I giggle momentarily, which surprises me. However my second of happiness is stomped down when I hear Austin's voice calling in the background. "Trish, that's Ally?" His tone is rushed and sounds slightly panicked. There's a short pause, which must be caused by Trish nodding. "Give me the phone!" Austin screams. If I thought it was rushed before, it's defiantly rushed now.

My stomach jumps and my body is emptied of any small sliver of confidence left inside. Not caring who's on the other end of the phone I hustle my goodbye. "Sorry Trish, I got to go!" With that I slam my phone down on the counter after hitting end quickly. My accelerating heart rate slows only by a few beats. It still pounds out of my chest.

Immediately I sprint off to my room, leaving my phone far behind.


And I hope the sun shines

And it's a beautiful day

And something reminds you

You wish you had stayed

You can plan for a change in the weather and time

But I never planned on you changing your mind


-September 18, 2016-

That blasted ringing. It won't go away. No matter how hard I try to push it out of my slumbering mind, I can't. With a heavy sigh I walk up from the icy darkness that usually shadows my dreams over. Grumpily, I slam my hand onto the carpet below me searching for my phone. When the slick surface never touches my fingers, I crack my eyes open. My living room is still dark; the tub of ice-cream is still where I left it, on the carpet, when I fell asleep on the couch. What is different however, is the howling wind outside and the rustle of the palm tree's shaking outside the window. The waves crashing on the shore sound louder and heavier now, more violent then peaceful. I scrunch my eyebrows together in confusion.

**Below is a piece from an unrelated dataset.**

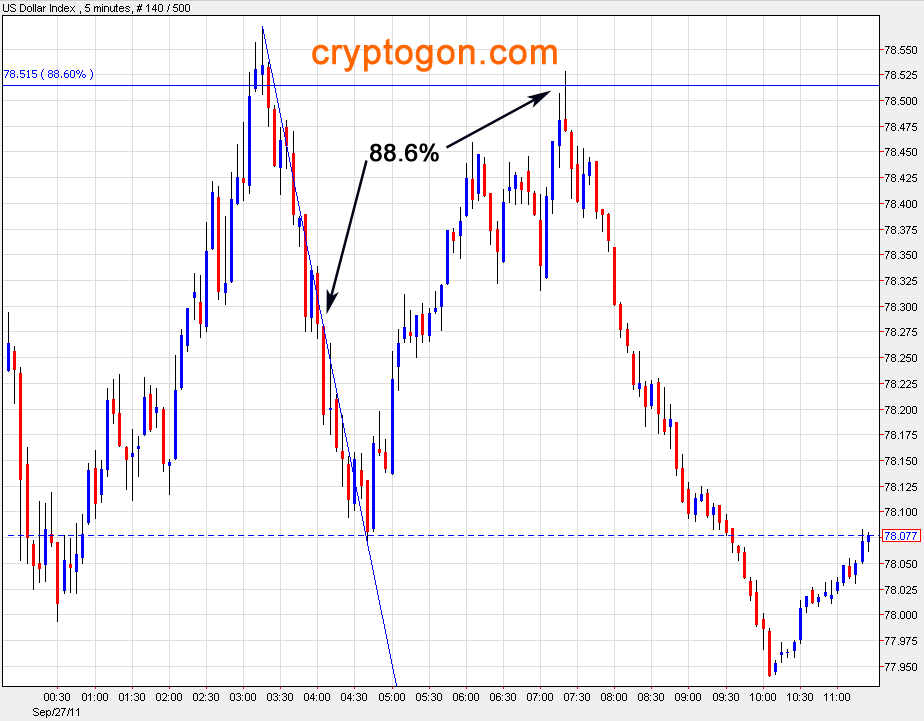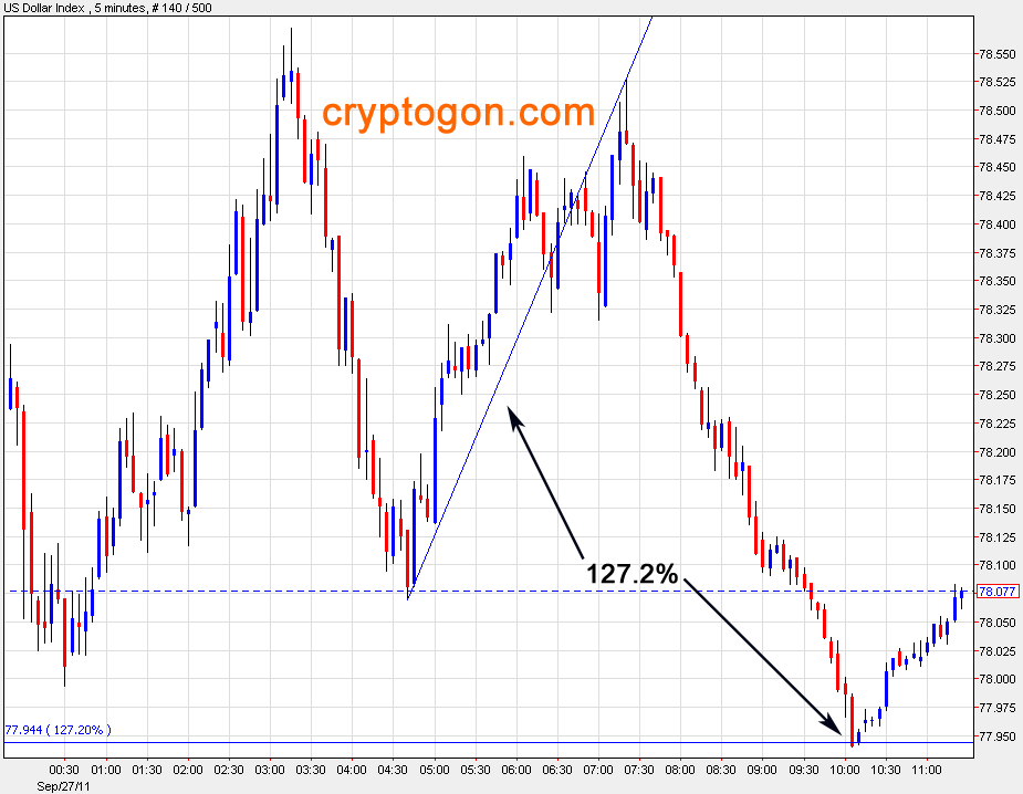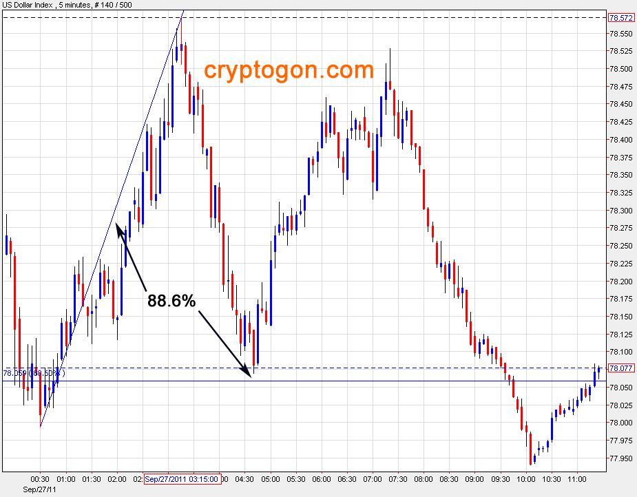 I was just examining the recent gold slaughter by looking at the U.S. Dollar Index and I noticed a fantastic series of Fibonacci setups on the current five minute dollar index chart.

My phone's ringtone is still banging in my head so I quickly sweep my phone up off the floor. I squint my eyes in attempt to adjust to the new light glowing from my screen. As soon as I make out Trish's caller-I.D I slide my lock screen to answer.

After placing the phone up to my ear I grumble into it. "Trish, why are you calling? It's-" In one swift glance I look to the cable box behind me to find the time. "it's three-fifty in the morning." I groggily snap while rubbing the sleep from my eyes.

"Ally, please tell me that you're not at the condo." Her voice comes to my ears, loud and full of concern. In the background I hear the muffled questions of two male voices.

I sit up on the couch, tossing the blanket from my body. I stretch before answering. "Trish, I live here, of course I'm at my condo." I sigh, quite frustrated and annoyed. "Why, what's going on?" I question while pulling myself up with a groan.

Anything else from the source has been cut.